#### WORK TASK
Nothing but an exact copy is asked for: the lines in the material below from the one with "柱と梁を剛接合する木造ラーメン構法では絶対に緩まない金物接合が必要です。" through the one with "XCVI White Lace", pictures excluded.

#### EXTRACTED RECORDS
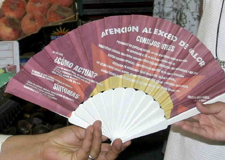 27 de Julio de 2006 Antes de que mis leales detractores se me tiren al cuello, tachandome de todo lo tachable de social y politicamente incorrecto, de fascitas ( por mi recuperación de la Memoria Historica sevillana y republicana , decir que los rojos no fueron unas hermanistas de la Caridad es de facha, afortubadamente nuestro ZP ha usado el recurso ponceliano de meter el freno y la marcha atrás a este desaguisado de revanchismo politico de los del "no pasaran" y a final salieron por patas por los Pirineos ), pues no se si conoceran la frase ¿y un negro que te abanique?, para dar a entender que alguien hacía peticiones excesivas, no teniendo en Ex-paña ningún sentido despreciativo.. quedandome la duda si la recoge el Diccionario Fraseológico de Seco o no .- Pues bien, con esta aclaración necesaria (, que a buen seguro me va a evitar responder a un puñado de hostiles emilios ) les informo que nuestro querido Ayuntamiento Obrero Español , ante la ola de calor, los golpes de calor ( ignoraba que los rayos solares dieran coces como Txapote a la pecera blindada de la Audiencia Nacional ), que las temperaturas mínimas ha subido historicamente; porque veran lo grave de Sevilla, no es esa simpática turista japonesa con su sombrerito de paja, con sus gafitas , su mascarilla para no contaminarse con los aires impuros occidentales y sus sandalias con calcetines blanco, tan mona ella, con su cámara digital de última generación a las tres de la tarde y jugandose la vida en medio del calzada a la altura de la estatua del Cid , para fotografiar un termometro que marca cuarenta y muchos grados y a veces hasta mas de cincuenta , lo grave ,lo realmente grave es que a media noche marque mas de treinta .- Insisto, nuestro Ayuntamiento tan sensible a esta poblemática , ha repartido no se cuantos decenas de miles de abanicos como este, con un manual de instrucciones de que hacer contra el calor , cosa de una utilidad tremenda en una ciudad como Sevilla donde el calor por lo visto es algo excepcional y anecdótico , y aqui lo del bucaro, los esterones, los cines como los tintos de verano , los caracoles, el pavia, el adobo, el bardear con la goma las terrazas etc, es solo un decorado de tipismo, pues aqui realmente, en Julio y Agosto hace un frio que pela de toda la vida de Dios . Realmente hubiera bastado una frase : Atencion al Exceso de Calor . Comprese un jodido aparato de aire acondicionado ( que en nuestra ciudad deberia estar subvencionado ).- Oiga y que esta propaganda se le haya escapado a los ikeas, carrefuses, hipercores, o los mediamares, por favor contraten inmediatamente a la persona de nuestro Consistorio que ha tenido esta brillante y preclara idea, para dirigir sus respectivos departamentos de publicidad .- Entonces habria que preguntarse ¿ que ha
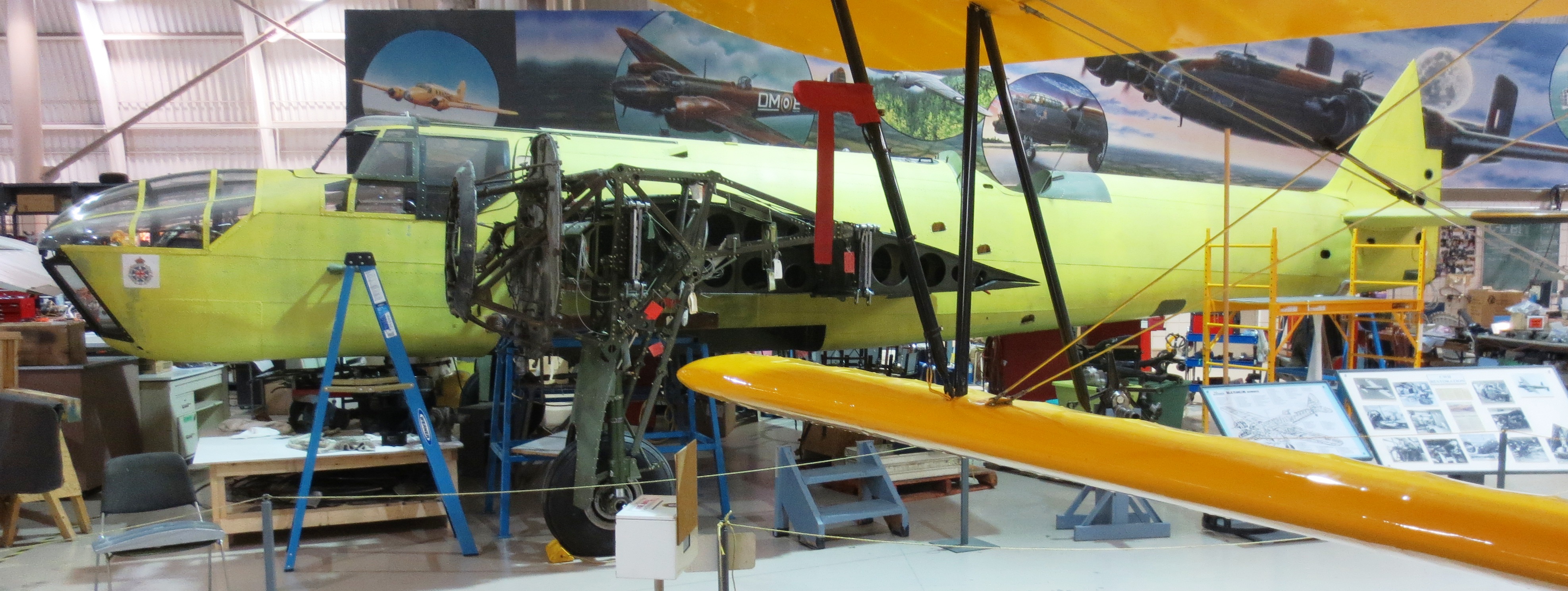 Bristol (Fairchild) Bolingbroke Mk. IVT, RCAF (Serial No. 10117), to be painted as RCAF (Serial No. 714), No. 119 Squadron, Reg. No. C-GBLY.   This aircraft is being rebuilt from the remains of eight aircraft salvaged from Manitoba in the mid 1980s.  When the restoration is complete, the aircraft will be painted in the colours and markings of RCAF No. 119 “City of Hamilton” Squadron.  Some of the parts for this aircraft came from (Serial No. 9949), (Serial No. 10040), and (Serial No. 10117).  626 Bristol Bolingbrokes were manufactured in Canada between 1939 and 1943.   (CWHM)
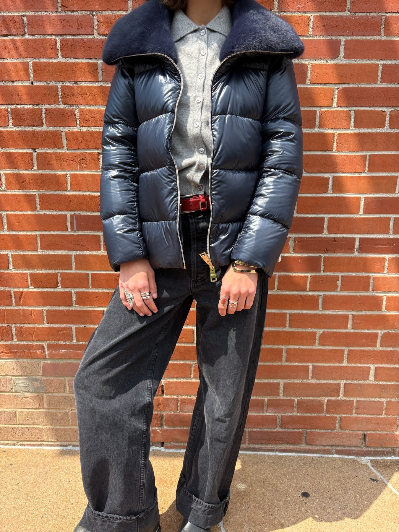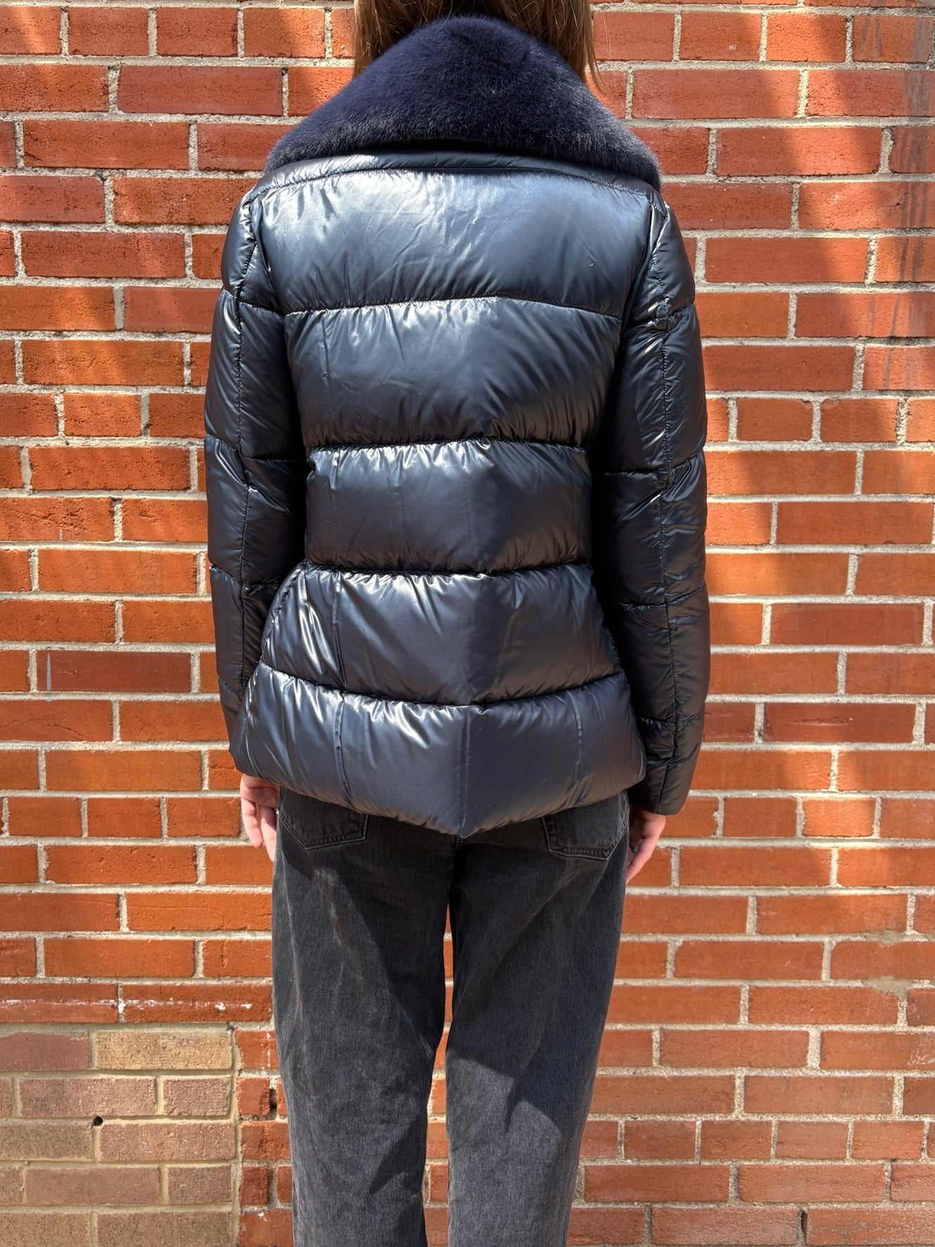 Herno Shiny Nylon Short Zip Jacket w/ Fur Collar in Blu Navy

==

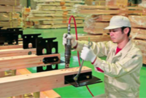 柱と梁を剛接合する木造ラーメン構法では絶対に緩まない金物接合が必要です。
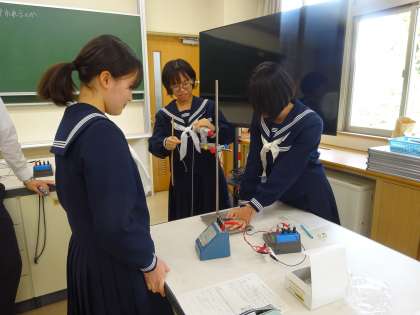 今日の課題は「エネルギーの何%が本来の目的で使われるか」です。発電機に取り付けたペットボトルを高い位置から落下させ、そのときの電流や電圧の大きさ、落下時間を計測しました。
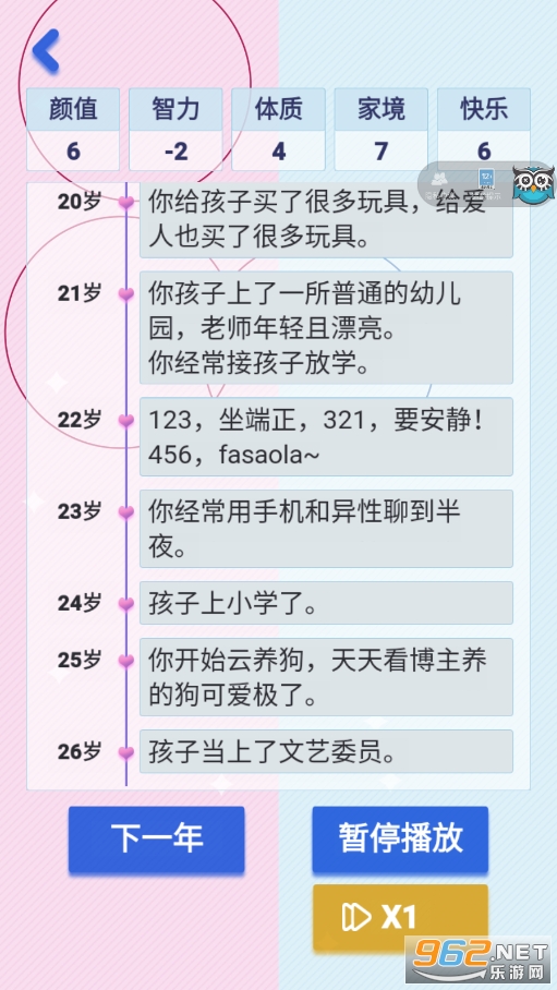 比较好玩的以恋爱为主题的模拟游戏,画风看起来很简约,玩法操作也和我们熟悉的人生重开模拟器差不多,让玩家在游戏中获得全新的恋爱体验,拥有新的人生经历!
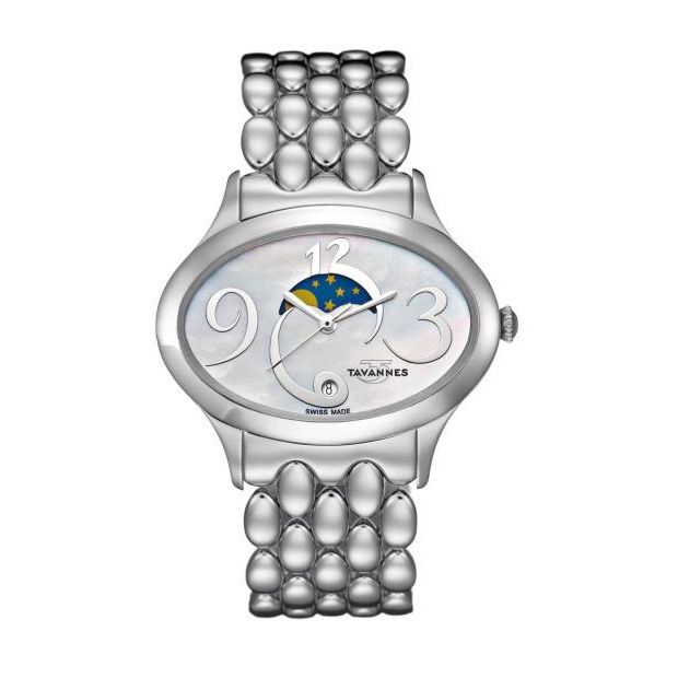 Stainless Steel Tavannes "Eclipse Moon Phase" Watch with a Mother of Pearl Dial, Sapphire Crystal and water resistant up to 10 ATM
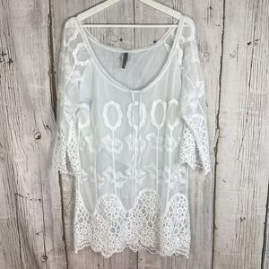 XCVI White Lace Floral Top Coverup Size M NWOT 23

...

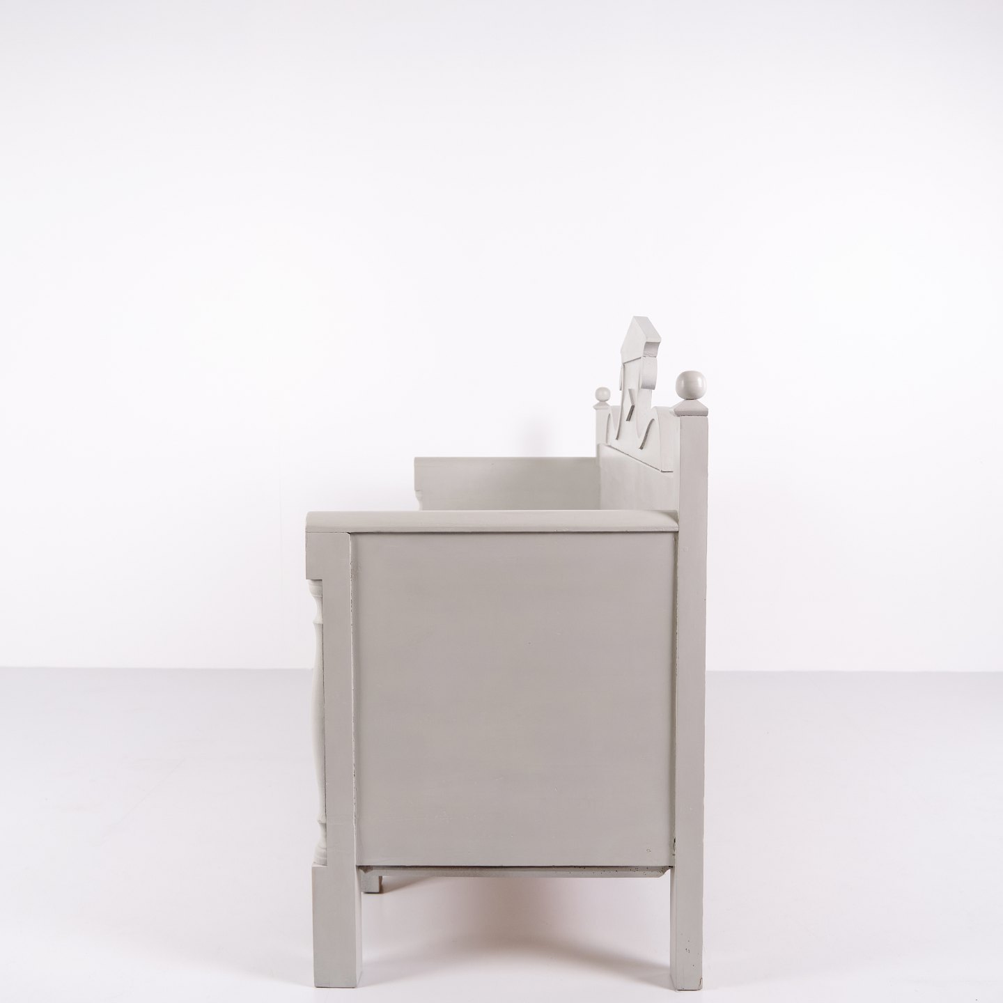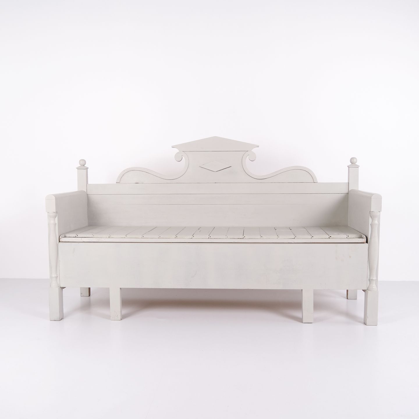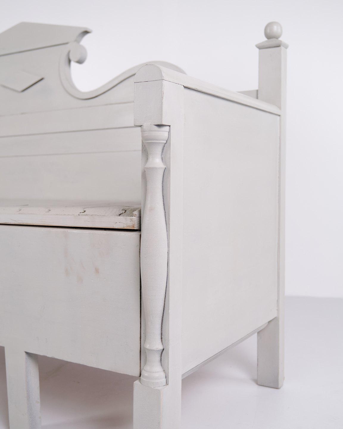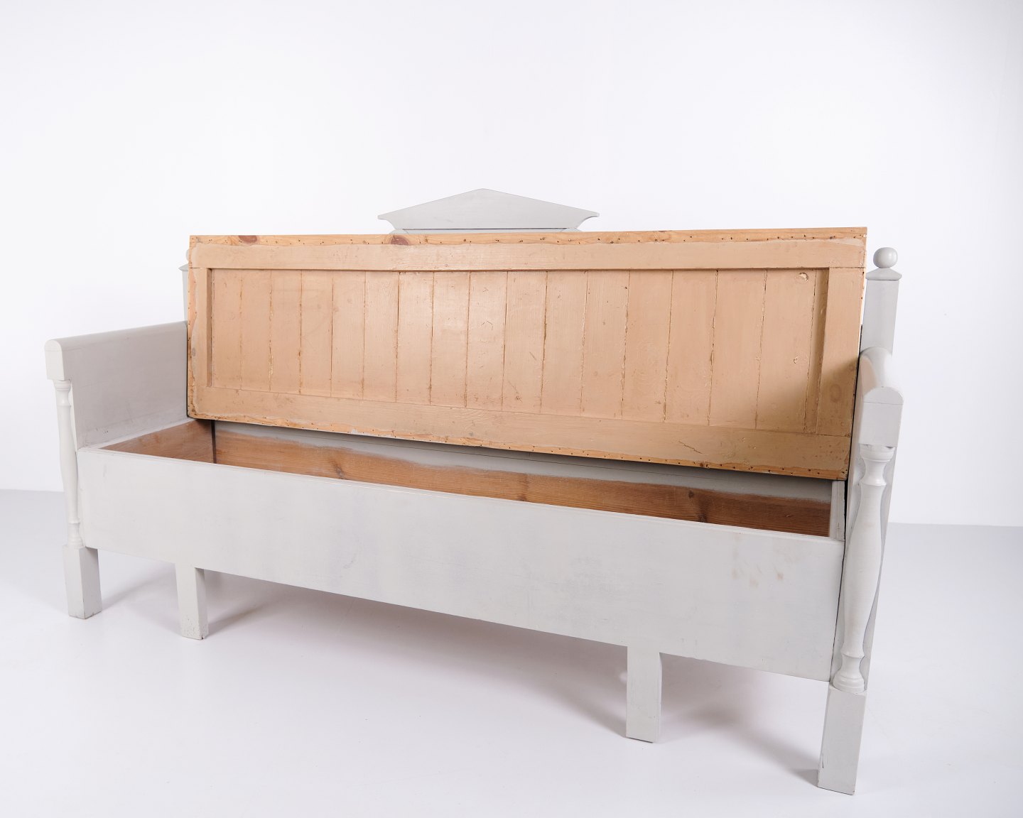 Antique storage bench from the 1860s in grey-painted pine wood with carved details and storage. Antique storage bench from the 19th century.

#### ANSWER BOX
 柱と梁を剛接合する木造ラーメン構法では絶対に緩まない金物接合が必要です。
 今日の課題は「エネルギーの何%が本来の目的で使われるか」です。発電機に取り付けたペットボトルを高い位置から落下させ、そのときの電流や電圧の大きさ、落下時間を計測しました。
 比较好玩的以恋爱为主题的模拟游戏,画风看起来很简约,玩法操作也和我们熟悉的人生重开模拟器差不多,让玩家在游戏中获得全新的恋爱体验,拥有新的人生经历!
 Stainless Steel Tavannes "Eclipse Moon Phase" Watch with a Mother of Pearl Dial, Sapphire Crystal and water resistant up to 10 ATM
 XCVI White Lace Floral Top Coverup Size M NWOT 23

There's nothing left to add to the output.